Which medical conditions are most likely to get a patient’s drug costs high enough to reach the doughnut hole? The "winner" is treatment for dementia. 64% of those taking drugs for Alzheimer’s (such as Aricept) reached the first threshold, and 15% paid enough to get through the doughnut hole to catastrophic coverage. Compare patients taking ACE inhibitors (like Lisinopril) for hypertension; 35% of those patients reached the doughnut hole and only 5% spent enough to obtain catastrophic coverage. Over half of patients treated with oral anti-diabetics (Fosamax, for example) and proton pump inhibitors (Prilosec, Nexium and others) reached the coverage gap.

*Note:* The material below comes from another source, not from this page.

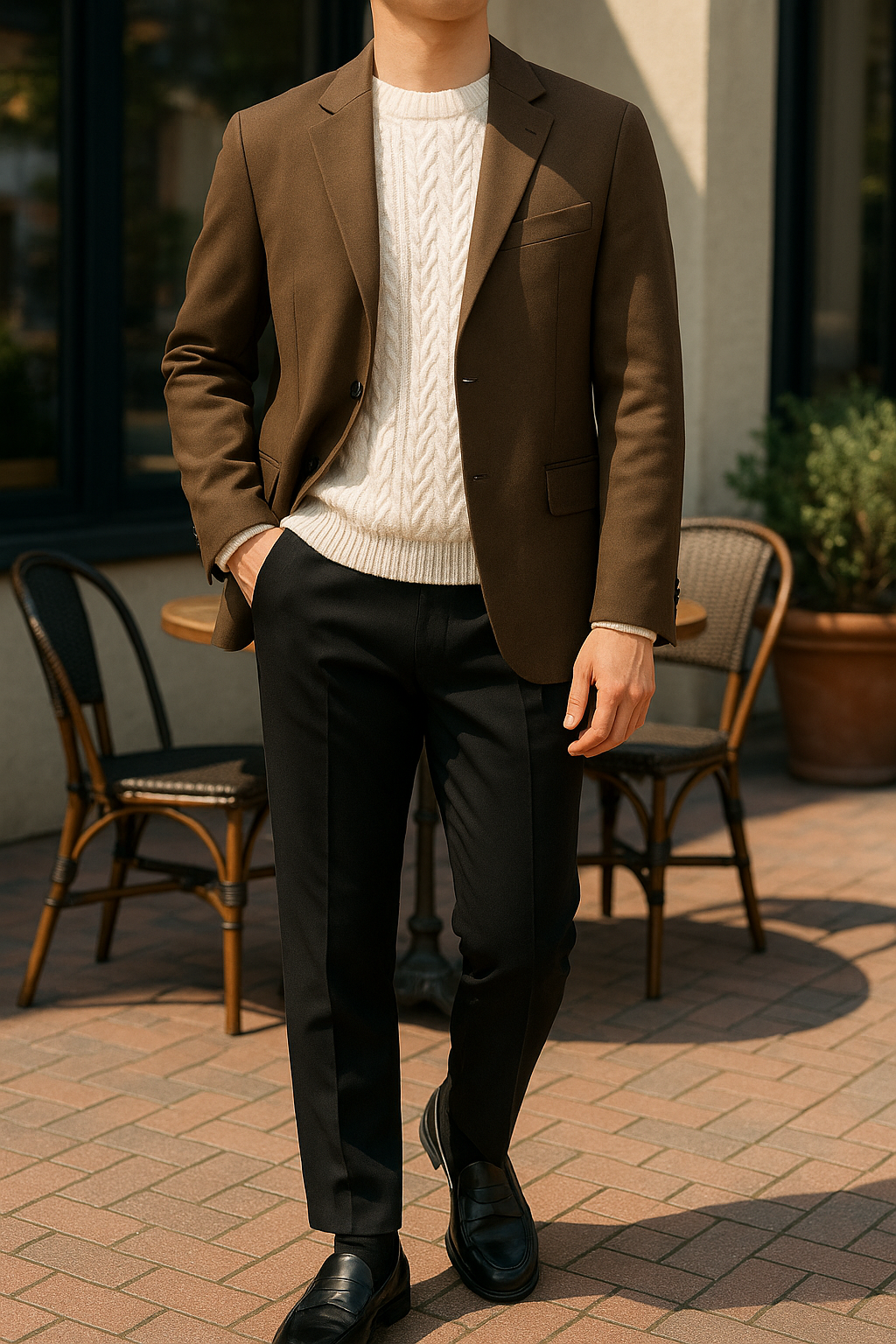 ブラウンとオフホワイトの柔らかさで話しやすい雰囲気が作れるし、黒パンツのおかげでちゃんとしてる感もほどよく出ます。

And what do patients do when they reach the doughnut hole? According to the study about 15% stop taking their prescribed medications, a very small number (about 1%) simply reduce their dosages, and another 5% switch to another, presumably less expensive, medication. That leaves about 80% of those without coverage paying the full cost of their prescriptions without help from Medicare or their Plan.

The study’s authors freely acknowledge some of its limitations. It does not include Medicare patients covered by Medicaid plans, or those who took no medications. It fails to distinguish expenditures for "off-formulary" prescriptions -- that is, those which the Medicare beneficiary may have purchased without going through the Part D plan. Still, it provides a general picture of the real world of Medicare Part D coverage.